A quick look around determined this was not the domain of man.

Intrepid consumer that I am, I proceeded past the bolts of brightly colored fabric, touching the velvety looking ones as I sauntered past (kids and men are allowed to do this), bypassing the highly coiffed and bespeckled cutting table ladies with their fiskars at the ready, and onto the button section.

Egads! I found myself suddenly surrounded by the printed smiling faces of thousands upon thousands of models sporting fluoride whitened smiles and snazzy outfits that "could be made at home," but were obviously made by professional seamstresses with major seat time at their Bernina's.

I flashed back to the last time I sat perusing dress and clothing patterns made by the likes of Butterick, McCalls, and Vogue.

(Begin flashback music here...)

I was with my then girlfriend and her mother, watching them flip through dress patterns that they were going to make for our upcoming High School Sr. Prom. I was feigning as much interest as my 17-year old mind could muster under the circumstances, nodding appropriately and speaking when spoken to.
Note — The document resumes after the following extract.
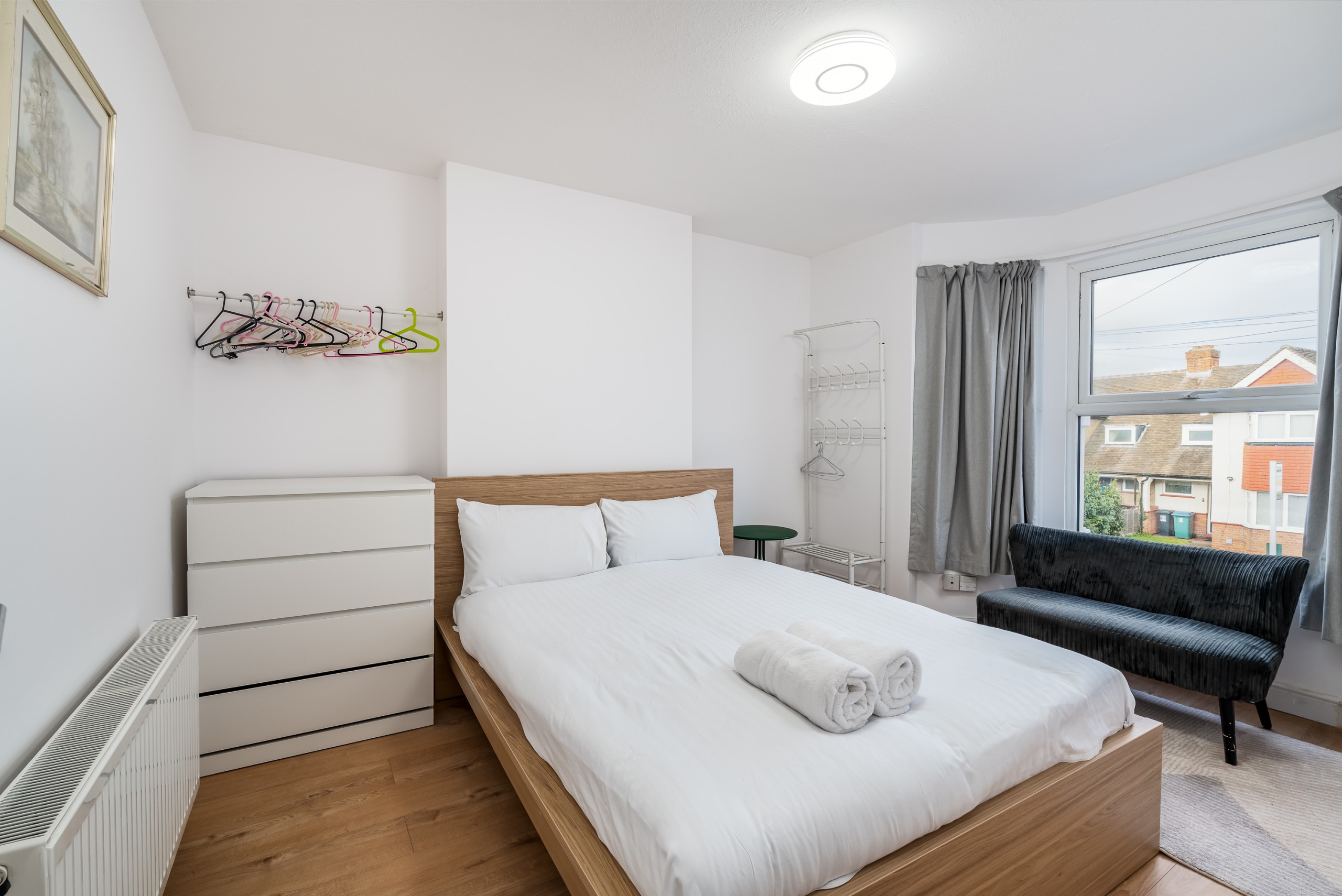 Central, warm 2-bedroom apartment with allocated parking and a convenient location for commuting. Enjoy a full kitchen, cosy sitting area and comfortable bedrooms with ample storage. The bathroom includes a bathtub with shower, shower miniatures provided, and the bedrooms feature hotel premium linen, creating a welcoming base for your stay. Just 35 minutes from central London by train, this apartment offers the perfect blend of convenience and comfort ideal for both work and leisure visits.

They found one they liked. I of course concurred enthusiastically, already thinking about the sushi lunch her Mom was going to treat us to, when they then announced that all they needed to find was the perfect material of which to make dress out of.
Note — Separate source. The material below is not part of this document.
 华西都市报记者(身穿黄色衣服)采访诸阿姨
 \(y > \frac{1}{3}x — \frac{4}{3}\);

I got to carry the selected packaged dress pattern around as we made our way through the rows upon rows of bolts of fabric -- remember The Matrix scene when Tank asks Neo what he needs besides a miracle, to which he replies, "Guns, lots of guns." and out of the distance materializes more gun racks than all the Bass Pro Shops retail chains combined could muster?

That's how many bolts of fabric we faced. Least, that's the way I remember it.

Finally, a material was selected and they both turned to me to decipher how much fabric we'd need to cover my girlfriend's body, modestly of course.

Palms sweating, I scanned the back of the pattern package for the correct sizing chart, ran my fingers along the corresponding x and y coordinates, and thought I came up with the correct yardage amount for her dress size -- of course I knew my girlfriends bust-waist-hip measurements...I was only 17 but not without some sense of what was important to the female psyche...and that damn line in The Commodores song, Brick House, didn't help much, I must say ("36-24-36, ow, what a winning hand...")

I blurted out the magic number.

Taking this number, my girlfriend's Mother quickly calculated in her head and decided it was wrong. I could see it in her face as she turned to her daughter for corroboration.

Knowing better, I relenquished control of the pattern package over to my girlfriend, who found the same magic number. I was validated.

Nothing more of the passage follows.